Return the listing in full and exactly, but without a single picture.

◆ **Data segment**:
════════════════

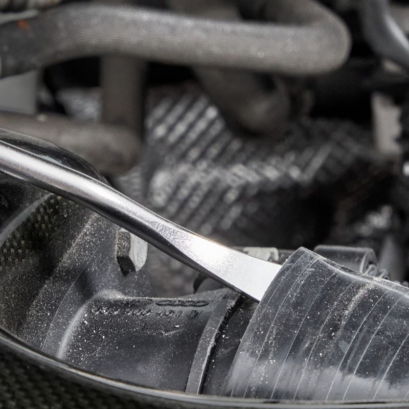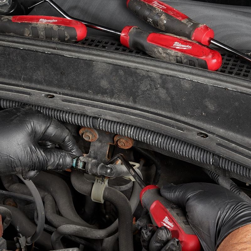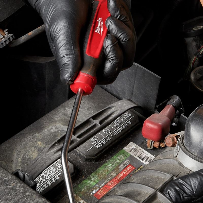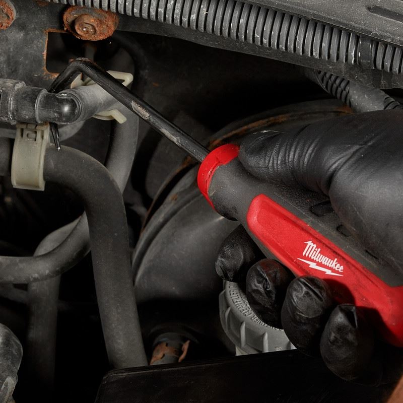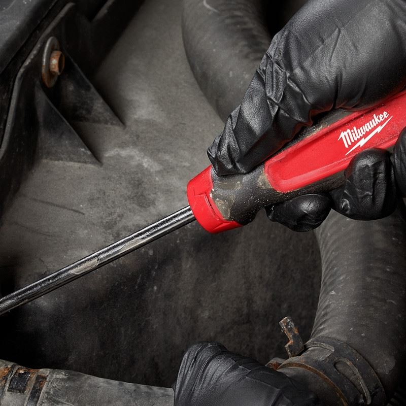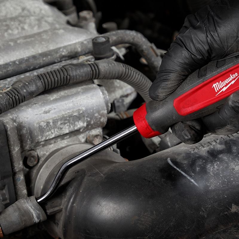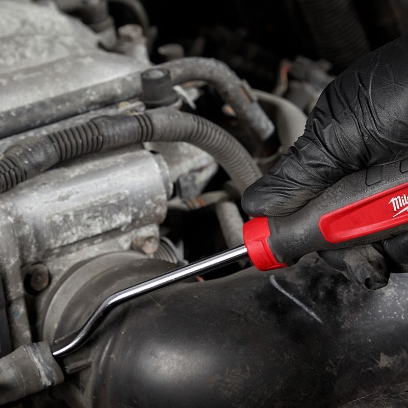 MILWAUKEE hose picks feature an all-metal core for up to 50 percent more durability. Each pick has a specific angle for different applications while the reinforced tip resists bending when loosening stubborn hoses. The flat pick provides puncture protection and reduces damage to hoses. Milwaukee Comfort grip handles give you increased tool control and comfort. This set features a hook, 90 degree, 45 degree, and flat hose pick along with a durable long-term storage tray for easy access and organization. These chrome-plated picks provide superior rust protection. All MILWAUKEE Mechanics Hand Tools are backed by a lifetime guarantee.INCLUDES:
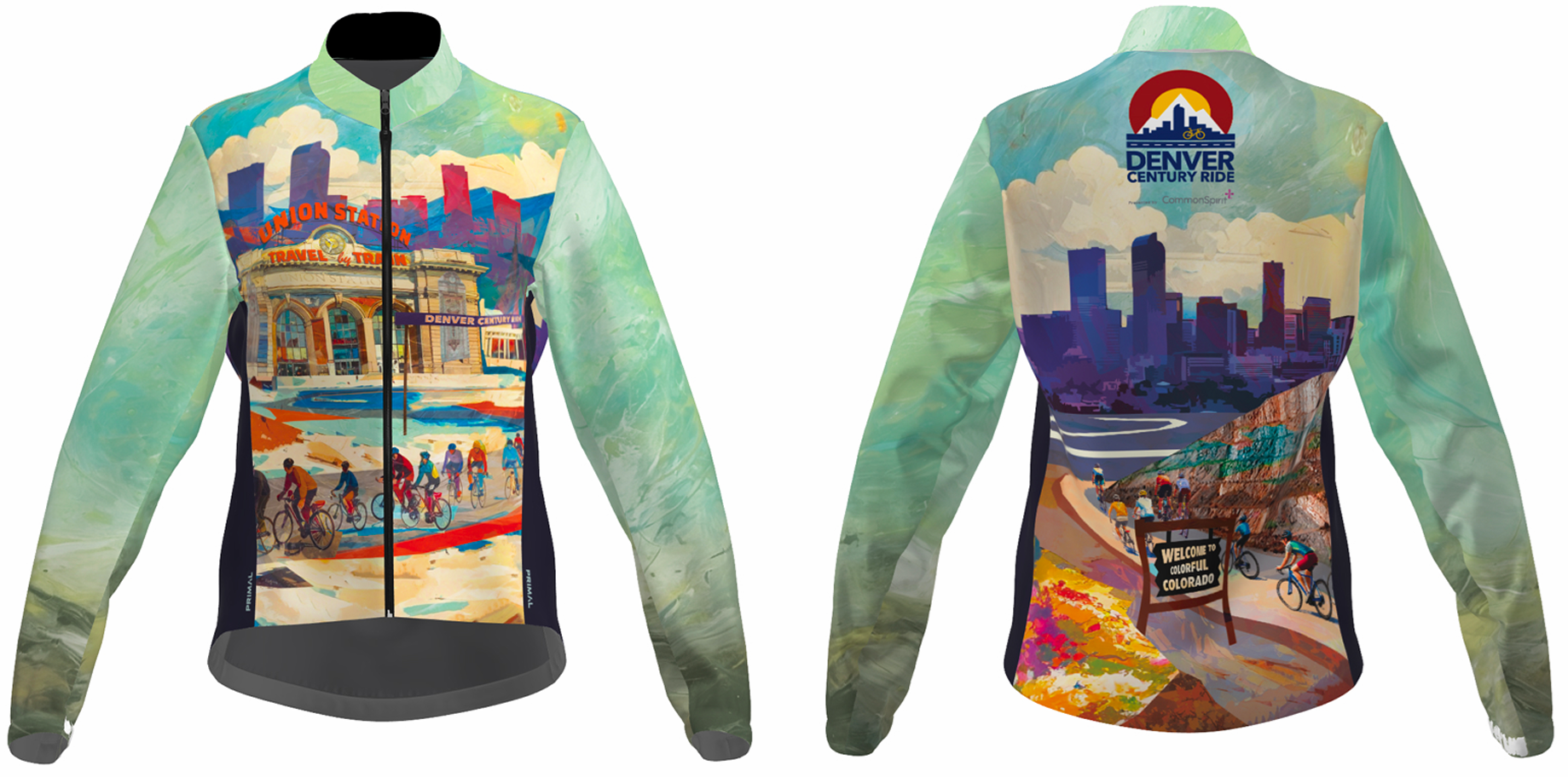 The Denver Century Ride merchandise collection features official ride apparel designed for performance, comfort, and everyday wear. Products include the Official 2026 Cycling Jersey, Wind Jacket, Arm Sleeves, and Performance Socks built for the ride, along with a Premium Hoodie perfect for pre- and post-ride comfort. Each item showcases distinctive 2026 CommonSpirit Denver Century Ride branding and is designed to celebrate Colorado’s cycling culture on and off the bike.
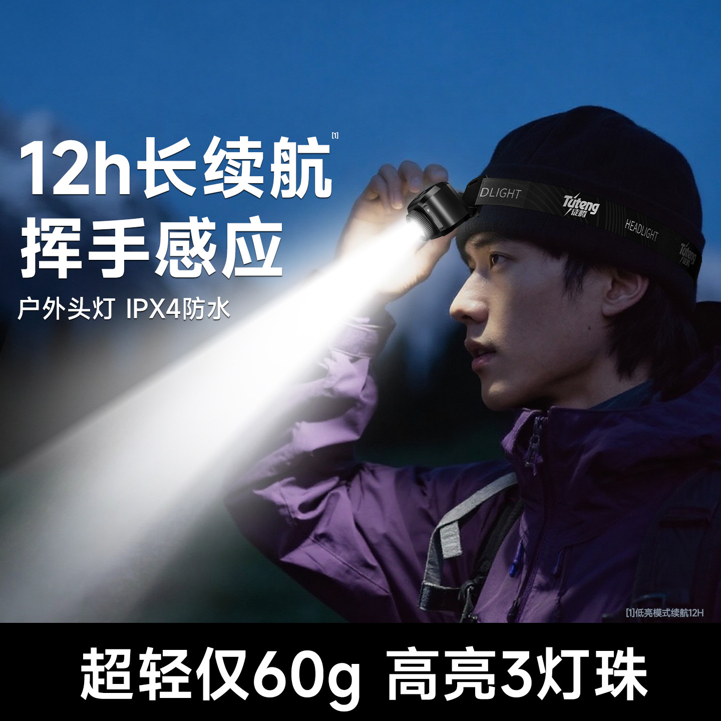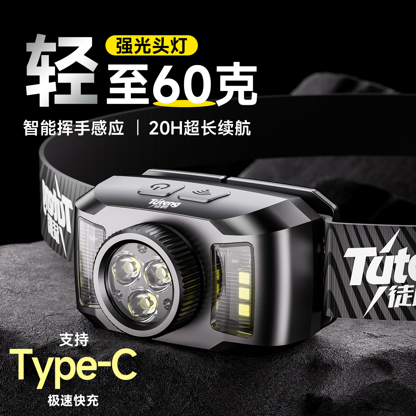 淘超轻头灯强光充电超亮头戴户外感应登山夜跑钓鱼红光驱蚊超长续航

════════════════

◆ **Answer area**:
 MILWAUKEE hose picks feature an all-metal core for up to 50 percent more durability. Each pick has a specific angle for different applications while the reinforced tip resists bending when loosening stubborn hoses. The flat pick provides puncture protection and reduces damage to hoses. Milwaukee Comfort grip handles give you increased tool control and comfort. This set features a hook, 90 degree, 45 degree, and flat hose pick along with a durable long-term storage tray for easy access and organization. These chrome-plated picks provide superior rust protection. All MILWAUKEE Mechanics Hand Tools are backed by a lifetime guarantee.INCLUDES:
 The Denver Century Ride merchandise collection features official ride apparel designed for performance, comfort, and everyday wear. Products include the Official 2026 Cycling Jersey, Wind Jacket, Arm Sleeves, and Performance Socks built for the ride, along with a Premium Hoodie perfect for pre- and post-ride comfort. Each item showcases distinctive 2026 CommonSpirit Denver Century Ride branding and is designed to celebrate Colorado’s cycling culture on and off the bike.
 淘超轻头灯强光充电超亮头戴户外感应登山夜跑钓鱼红光驱蚊超长续航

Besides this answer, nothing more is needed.